• Exercise prompt
Give exactly the lines from the one that contains "Estudio - Adaptado" through the end of the entries below, both included; the pictures stay out.

Data extracted from a collection:
□ □ □ □
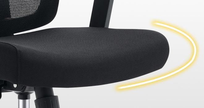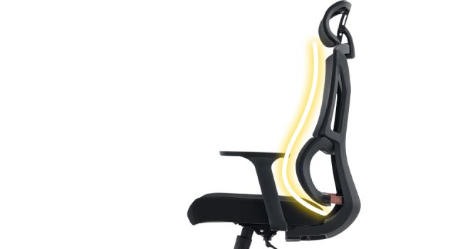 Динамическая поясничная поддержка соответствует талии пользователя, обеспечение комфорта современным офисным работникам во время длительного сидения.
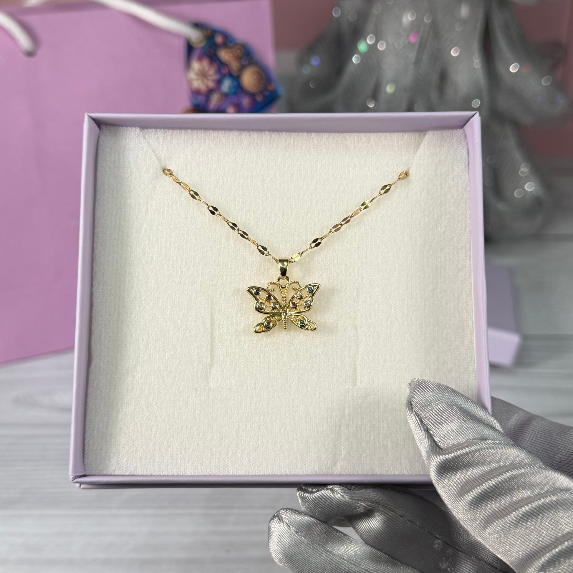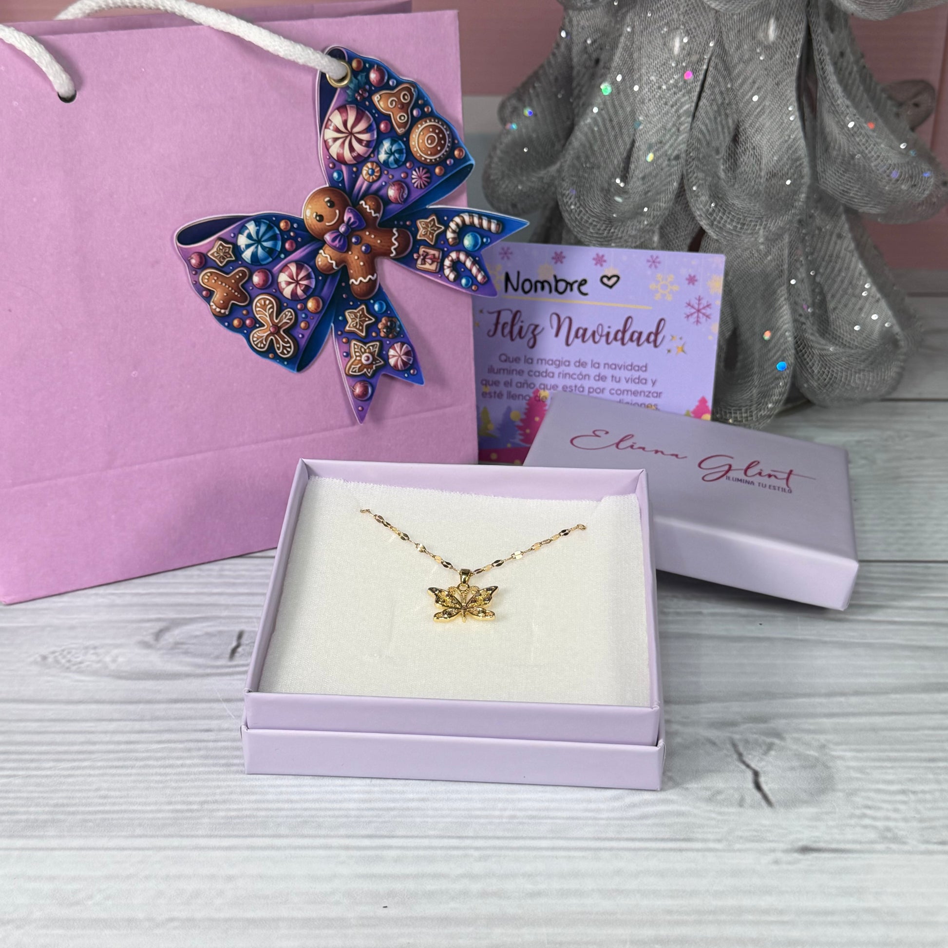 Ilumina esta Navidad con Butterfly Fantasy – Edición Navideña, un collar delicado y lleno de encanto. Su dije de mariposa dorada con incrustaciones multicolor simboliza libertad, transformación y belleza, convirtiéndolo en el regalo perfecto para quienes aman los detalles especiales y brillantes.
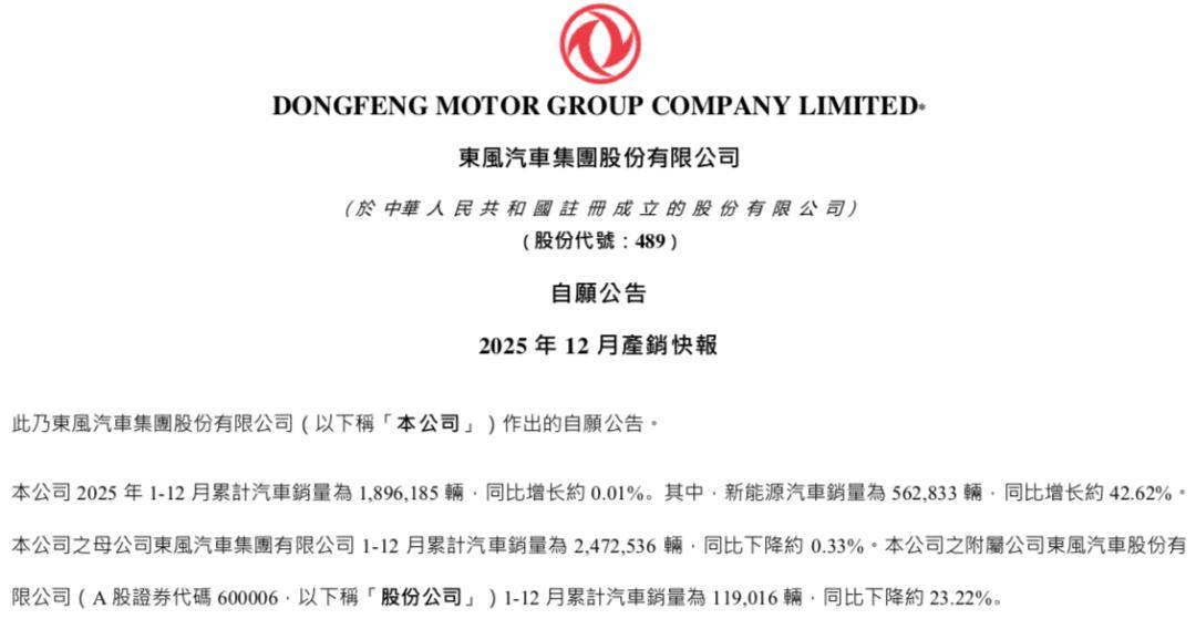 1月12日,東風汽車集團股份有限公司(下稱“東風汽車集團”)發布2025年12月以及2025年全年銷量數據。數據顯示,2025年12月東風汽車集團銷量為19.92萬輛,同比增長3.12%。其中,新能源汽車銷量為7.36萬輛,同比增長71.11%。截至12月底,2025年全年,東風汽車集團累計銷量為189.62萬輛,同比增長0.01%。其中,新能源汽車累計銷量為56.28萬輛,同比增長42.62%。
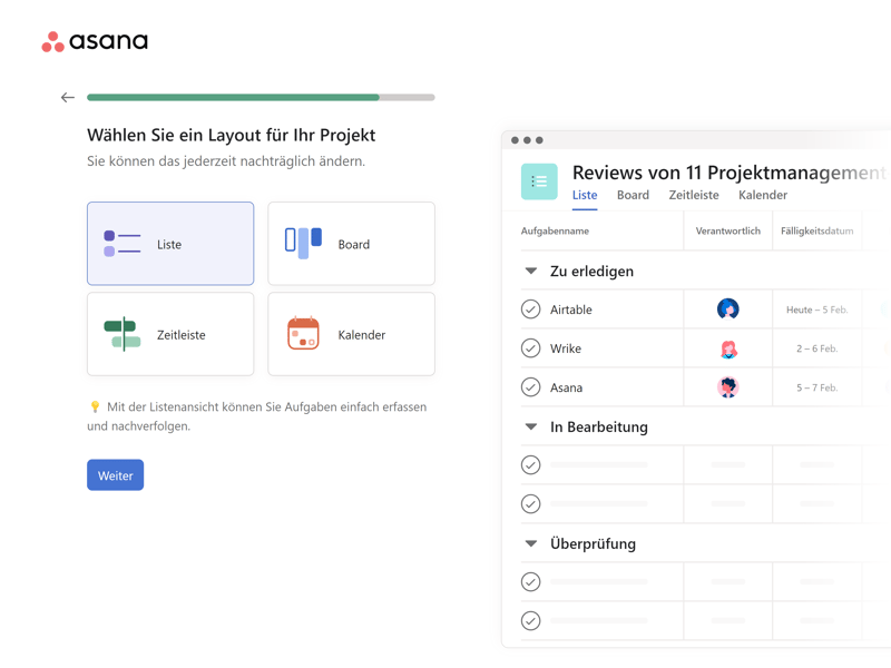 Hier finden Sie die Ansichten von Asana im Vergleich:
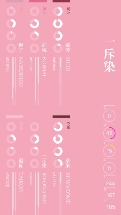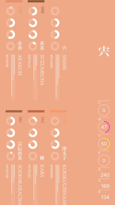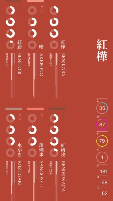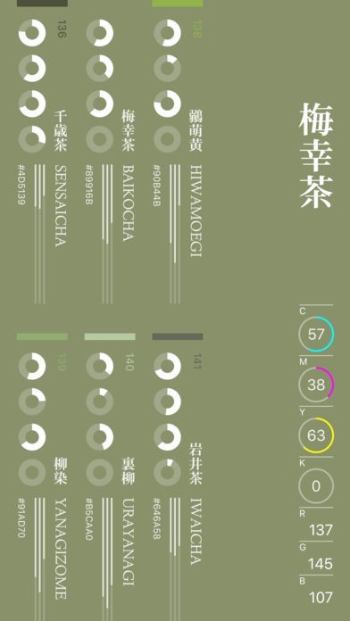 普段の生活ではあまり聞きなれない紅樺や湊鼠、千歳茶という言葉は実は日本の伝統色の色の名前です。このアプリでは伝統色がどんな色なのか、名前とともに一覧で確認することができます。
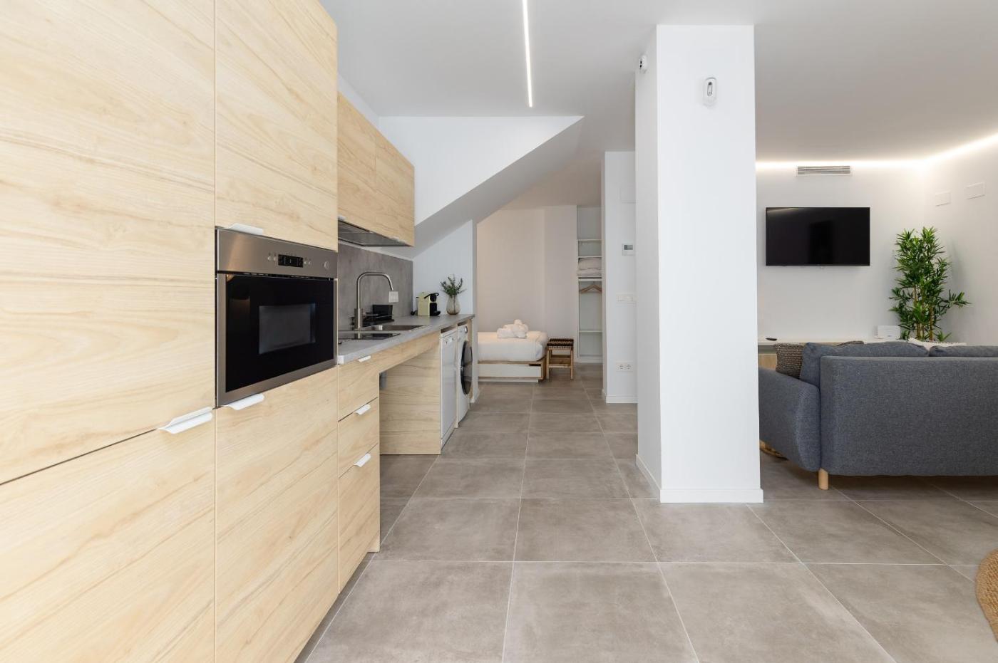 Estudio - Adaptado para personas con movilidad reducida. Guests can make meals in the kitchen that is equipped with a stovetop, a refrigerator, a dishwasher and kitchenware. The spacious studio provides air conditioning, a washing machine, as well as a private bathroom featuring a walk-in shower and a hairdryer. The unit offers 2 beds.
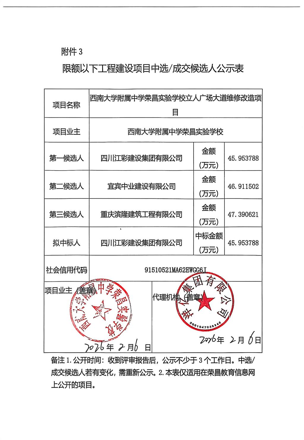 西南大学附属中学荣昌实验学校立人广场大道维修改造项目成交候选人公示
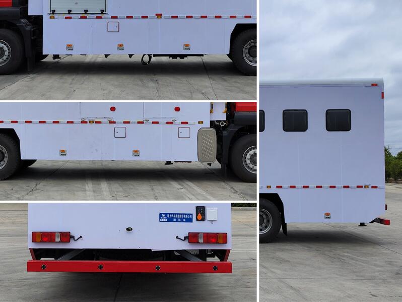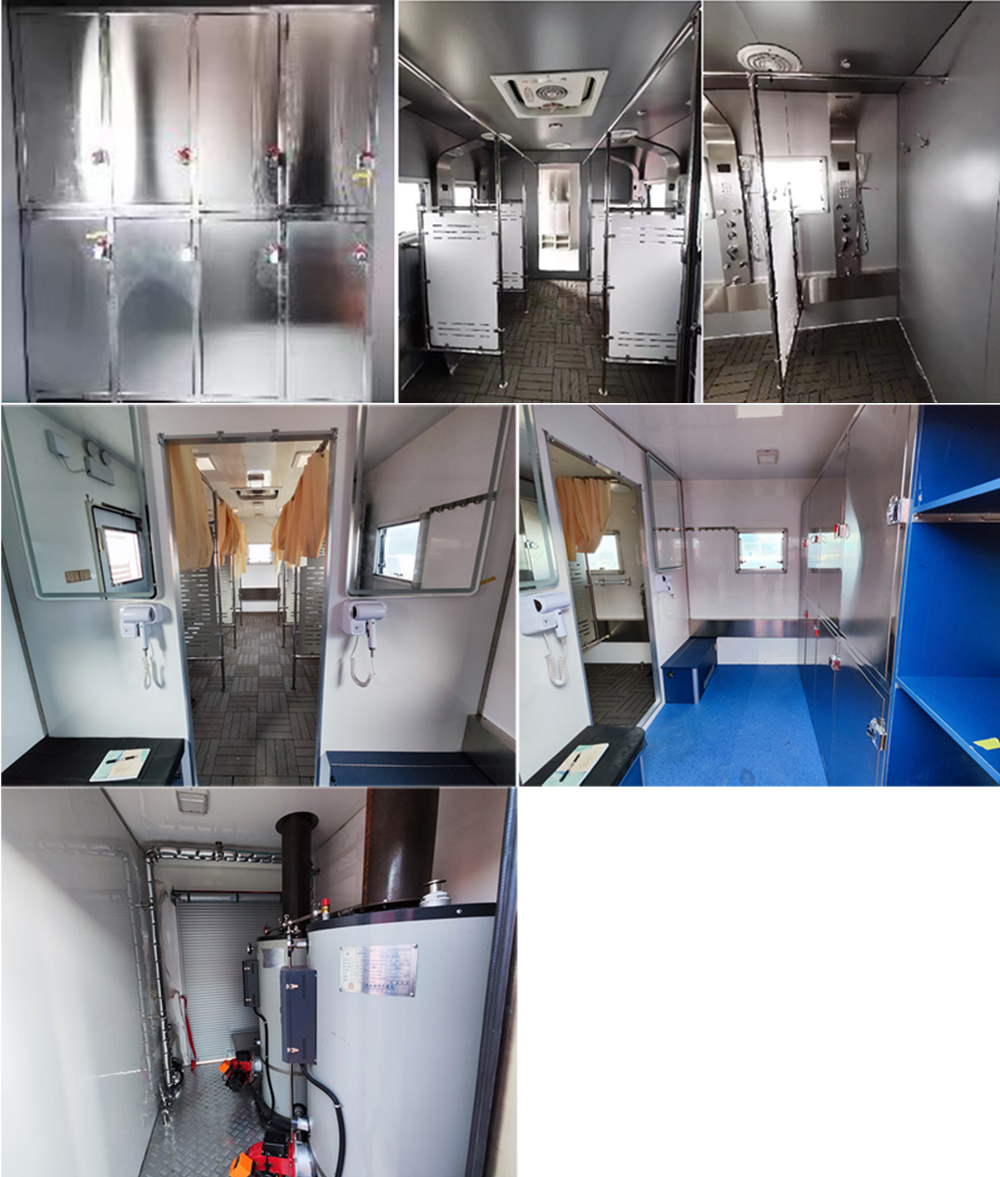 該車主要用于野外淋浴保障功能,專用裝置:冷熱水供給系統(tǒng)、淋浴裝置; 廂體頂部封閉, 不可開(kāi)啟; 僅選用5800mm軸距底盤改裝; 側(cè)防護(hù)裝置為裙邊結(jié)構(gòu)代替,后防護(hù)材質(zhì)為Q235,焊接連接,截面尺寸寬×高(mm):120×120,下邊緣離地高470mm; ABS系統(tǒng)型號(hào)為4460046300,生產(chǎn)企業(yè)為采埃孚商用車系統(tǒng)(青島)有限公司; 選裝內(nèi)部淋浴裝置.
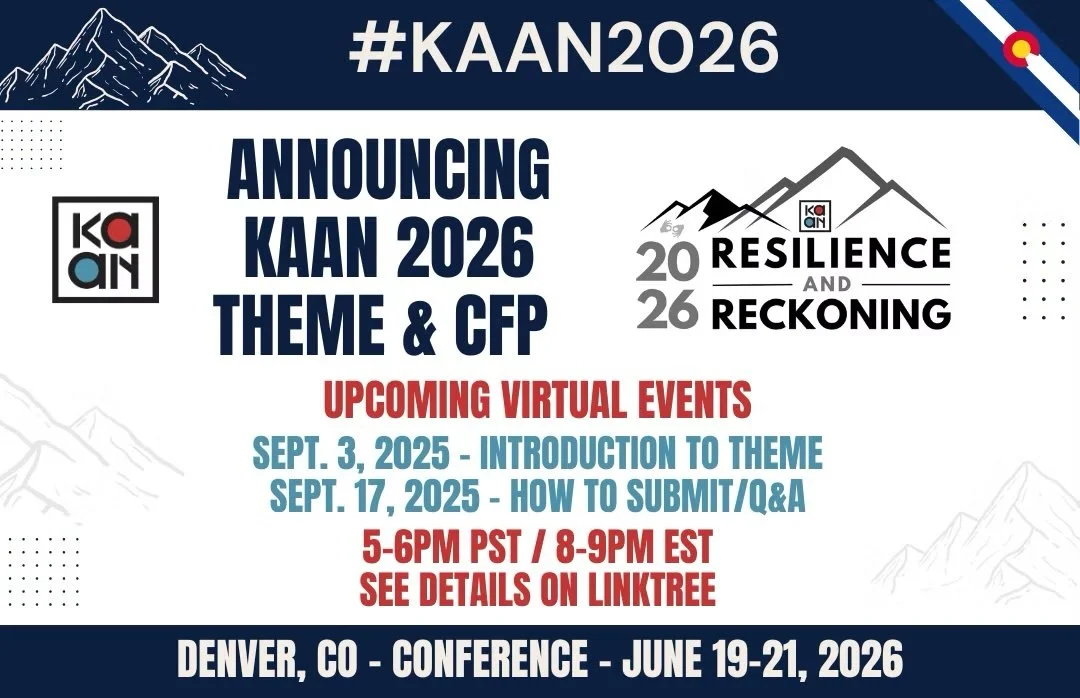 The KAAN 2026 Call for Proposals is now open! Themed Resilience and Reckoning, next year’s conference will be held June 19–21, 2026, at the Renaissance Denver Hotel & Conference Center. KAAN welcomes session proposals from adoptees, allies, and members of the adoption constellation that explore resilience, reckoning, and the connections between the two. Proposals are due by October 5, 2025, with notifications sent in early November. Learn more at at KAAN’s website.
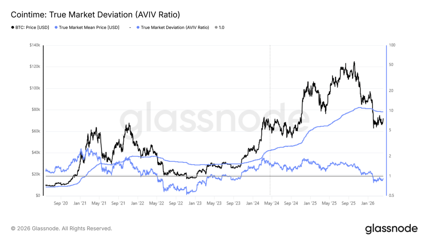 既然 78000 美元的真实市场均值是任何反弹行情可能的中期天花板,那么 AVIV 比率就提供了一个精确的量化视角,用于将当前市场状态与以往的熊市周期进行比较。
□ □ □ □
• Response to this exercise
 Estudio - Adaptado para personas con movilidad reducida. Guests can make meals in the kitchen that is equipped with a stovetop, a refrigerator, a dishwasher and kitchenware. The spacious studio provides air conditioning, a washing machine, as well as a private bathroom featuring a walk-in shower and a hairdryer. The unit offers 2 beds.
 西南大学附属中学荣昌实验学校立人广场大道维修改造项目成交候选人公示
 該車主要用于野外淋浴保障功能,專用裝置:冷熱水供給系統(tǒng)、淋浴裝置; 廂體頂部封閉, 不可開(kāi)啟; 僅選用5800mm軸距底盤改裝; 側(cè)防護(hù)裝置為裙邊結(jié)構(gòu)代替,后防護(hù)材質(zhì)為Q235,焊接連接,截面尺寸寬×高(mm):120×120,下邊緣離地高470mm; ABS系統(tǒng)型號(hào)為4460046300,生產(chǎn)企業(yè)為采埃孚商用車系統(tǒng)(青島)有限公司; 選裝內(nèi)部淋浴裝置.
 The KAAN 2026 Call for Proposals is now open! Themed Resilience and Reckoning, next year’s conference will be held June 19–21, 2026, at the Renaissance Denver Hotel & Conference Center. KAAN welcomes session proposals from adoptees, allies, and members of the adoption constellation that explore resilience, reckoning, and the connections between the two. Proposals are due by October 5, 2025, with notifications sent in early November. Learn more at at KAAN’s website.
 既然 78000 美元的真实市场均值是任何反弹行情可能的中期天花板,那么 AVIV 比率就提供了一个精确的量化视角,用于将当前市场状态与以往的熊市周期进行比较。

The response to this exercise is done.